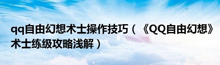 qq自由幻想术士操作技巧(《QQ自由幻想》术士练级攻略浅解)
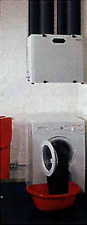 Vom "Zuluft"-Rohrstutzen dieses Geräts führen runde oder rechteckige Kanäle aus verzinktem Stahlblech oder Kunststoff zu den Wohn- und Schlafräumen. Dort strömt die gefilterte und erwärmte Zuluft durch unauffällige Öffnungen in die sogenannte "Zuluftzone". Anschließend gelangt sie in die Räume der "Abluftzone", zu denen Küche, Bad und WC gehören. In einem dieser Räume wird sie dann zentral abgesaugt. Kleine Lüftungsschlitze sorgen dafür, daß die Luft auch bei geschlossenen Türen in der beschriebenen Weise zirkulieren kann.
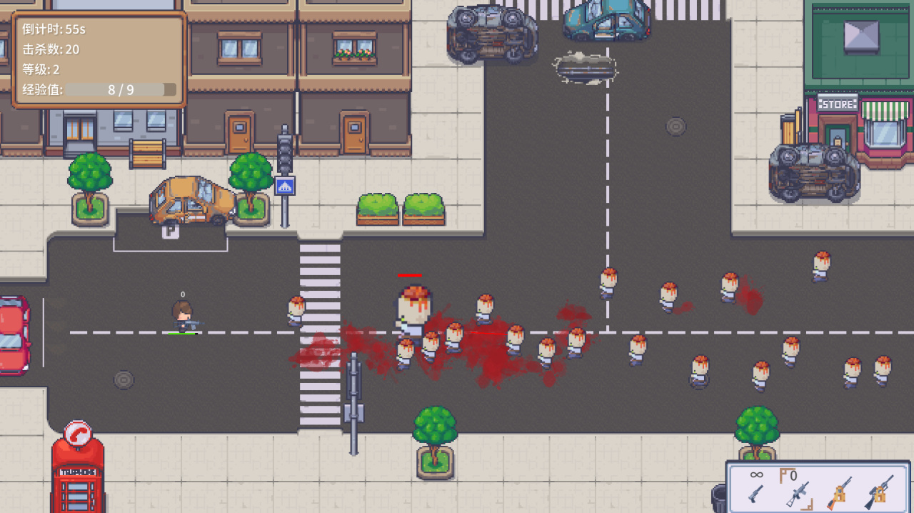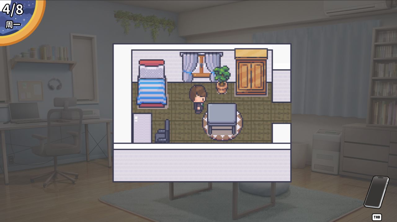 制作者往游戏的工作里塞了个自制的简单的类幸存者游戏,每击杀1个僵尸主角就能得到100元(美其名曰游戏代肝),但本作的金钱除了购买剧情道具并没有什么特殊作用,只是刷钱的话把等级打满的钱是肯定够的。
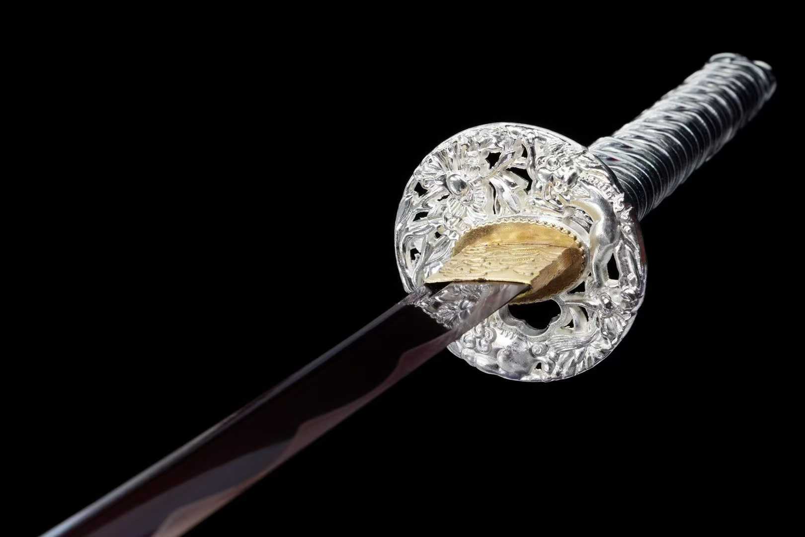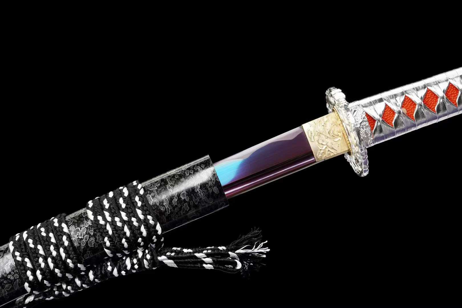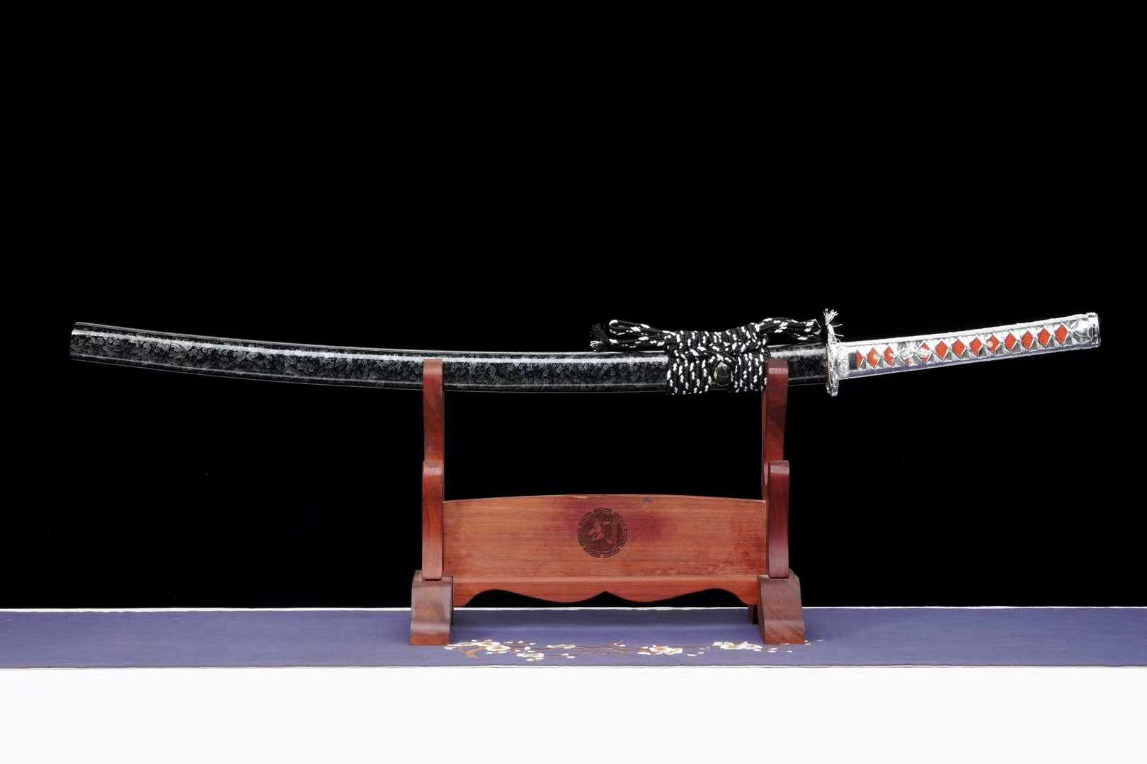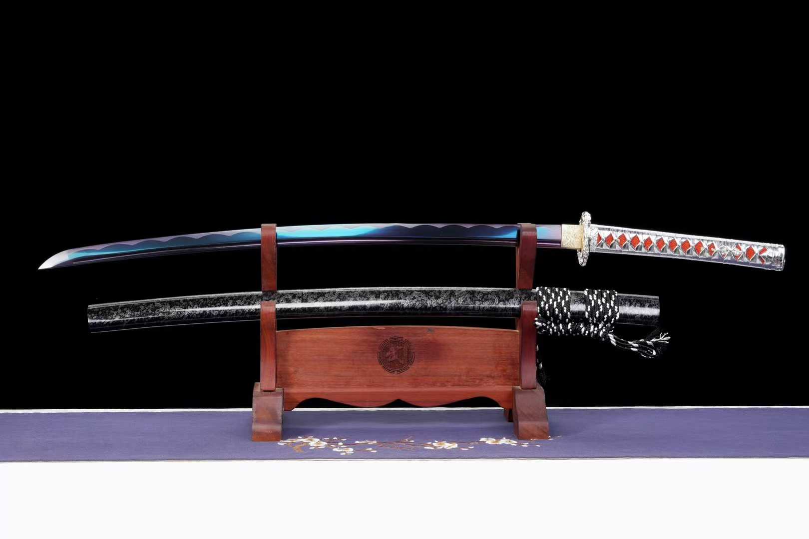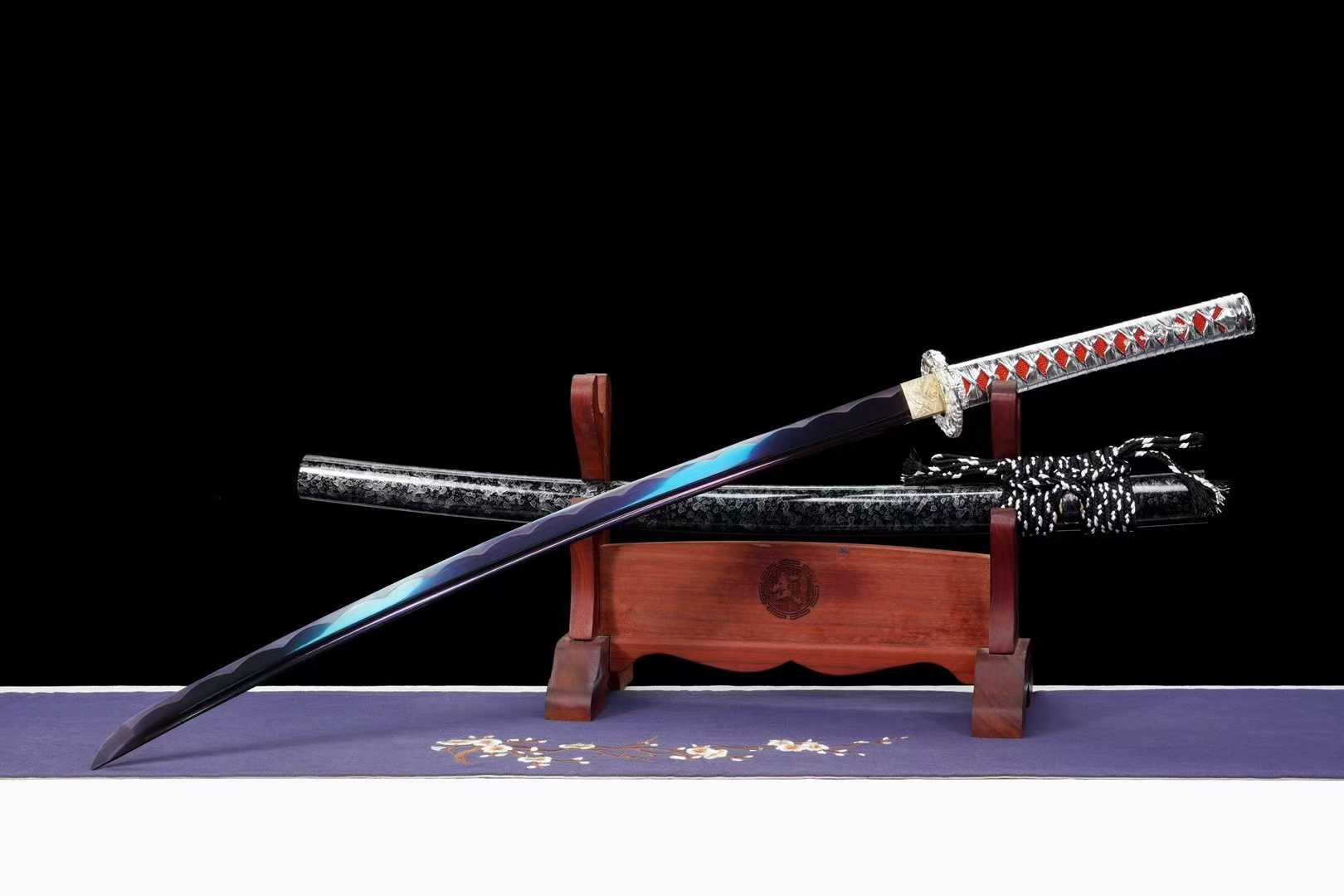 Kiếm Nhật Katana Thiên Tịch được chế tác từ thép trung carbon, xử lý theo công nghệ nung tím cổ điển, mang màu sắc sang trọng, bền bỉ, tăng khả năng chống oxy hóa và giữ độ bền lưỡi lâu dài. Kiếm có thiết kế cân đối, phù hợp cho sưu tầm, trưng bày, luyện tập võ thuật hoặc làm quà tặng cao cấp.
---
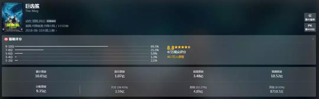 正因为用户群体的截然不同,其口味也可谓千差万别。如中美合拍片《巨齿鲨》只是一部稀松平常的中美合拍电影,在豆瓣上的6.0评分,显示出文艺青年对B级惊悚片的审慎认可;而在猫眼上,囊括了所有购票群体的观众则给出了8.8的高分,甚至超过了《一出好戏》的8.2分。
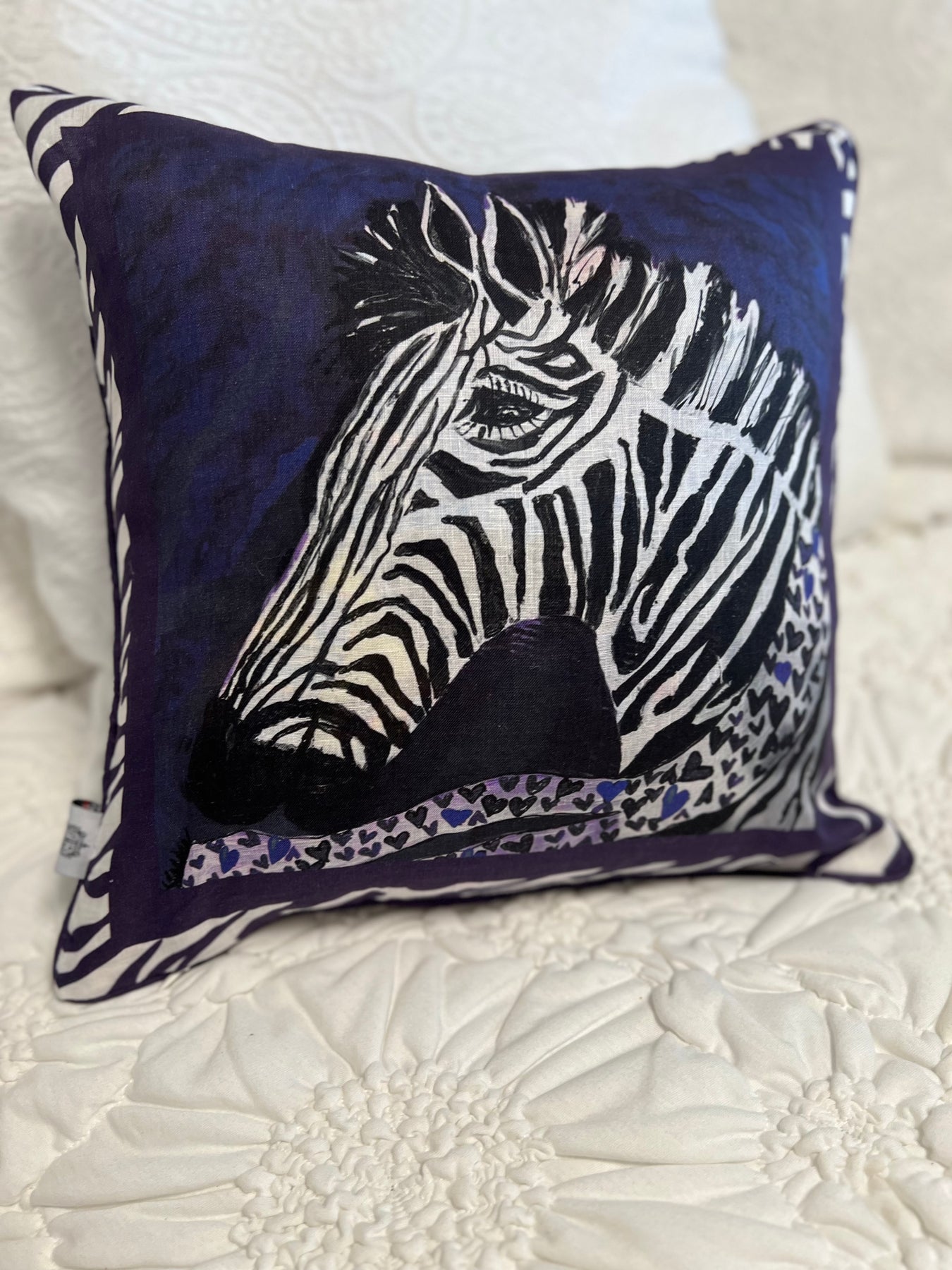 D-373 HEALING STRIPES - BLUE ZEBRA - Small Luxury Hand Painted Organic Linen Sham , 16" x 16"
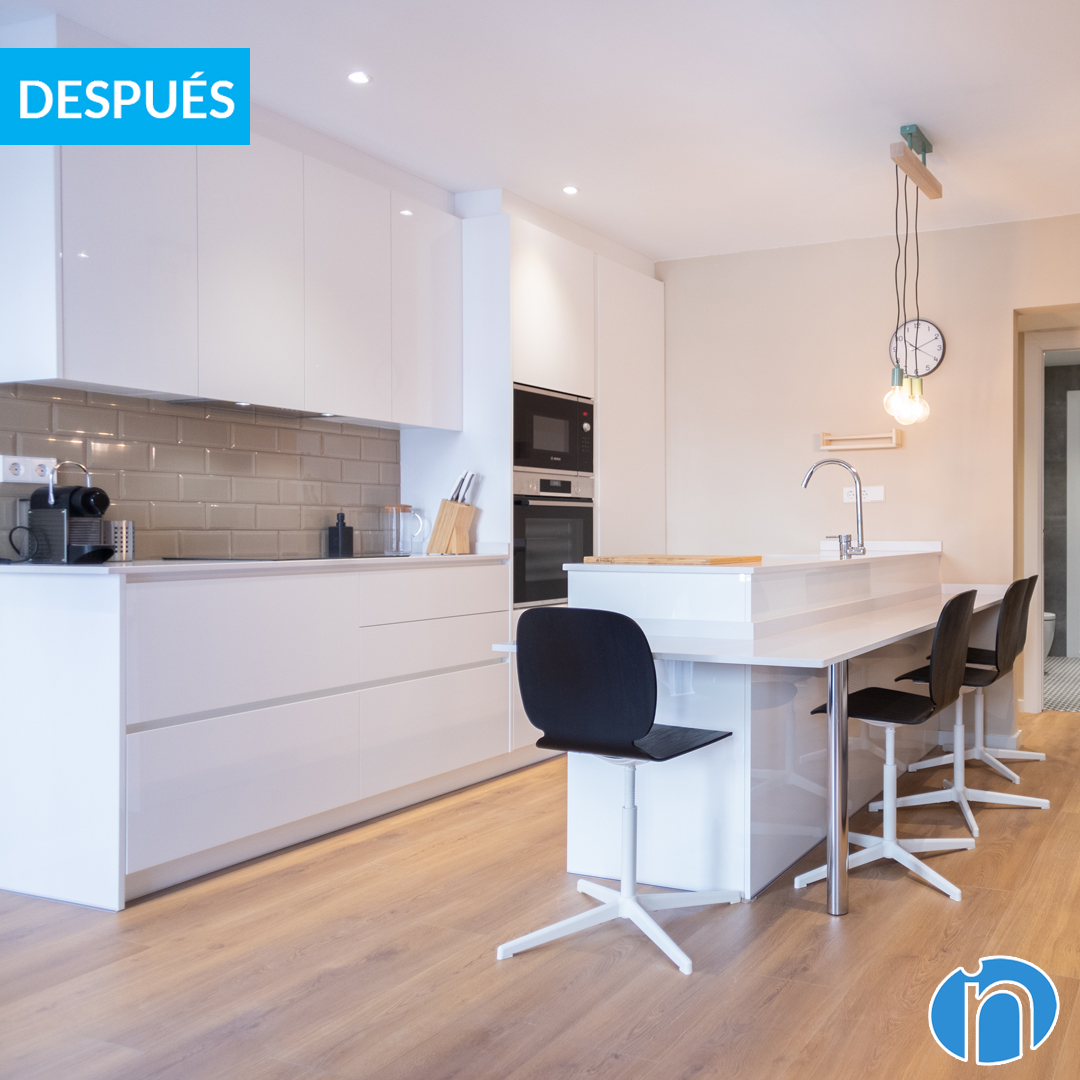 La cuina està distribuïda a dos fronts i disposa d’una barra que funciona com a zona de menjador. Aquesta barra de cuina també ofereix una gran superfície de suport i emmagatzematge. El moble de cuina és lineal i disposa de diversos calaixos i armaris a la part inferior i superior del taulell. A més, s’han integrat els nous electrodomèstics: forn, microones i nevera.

→ What is expected:
How would the lines above read from the one with "正因为用户群体的截然不同,其" to the one with "La cuina està", inclusive, with no pictures? Write them out exactly.

→ Response to this task:
 正因为用户群体的截然不同,其口味也可谓千差万别。如中美合拍片《巨齿鲨》只是一部稀松平常的中美合拍电影,在豆瓣上的6.0评分,显示出文艺青年对B级惊悚片的审慎认可;而在猫眼上,囊括了所有购票群体的观众则给出了8.8的高分,甚至超过了《一出好戏》的8.2分。
 D-373 HEALING STRIPES - BLUE ZEBRA - Small Luxury Hand Painted Organic Linen Sham , 16" x 16"
 La cuina està distribuïda a dos fronts i disposa d’una barra que funciona com a zona de menjador. Aquesta barra de cuina també ofereix una gran superfície de suport i emmagatzematge. El moble de cuina és lineal i disposa de diversos calaixos i armaris a la part inferior i superior del taulell. A més, s’han integrat els nous electrodomèstics: forn, microones i nevera.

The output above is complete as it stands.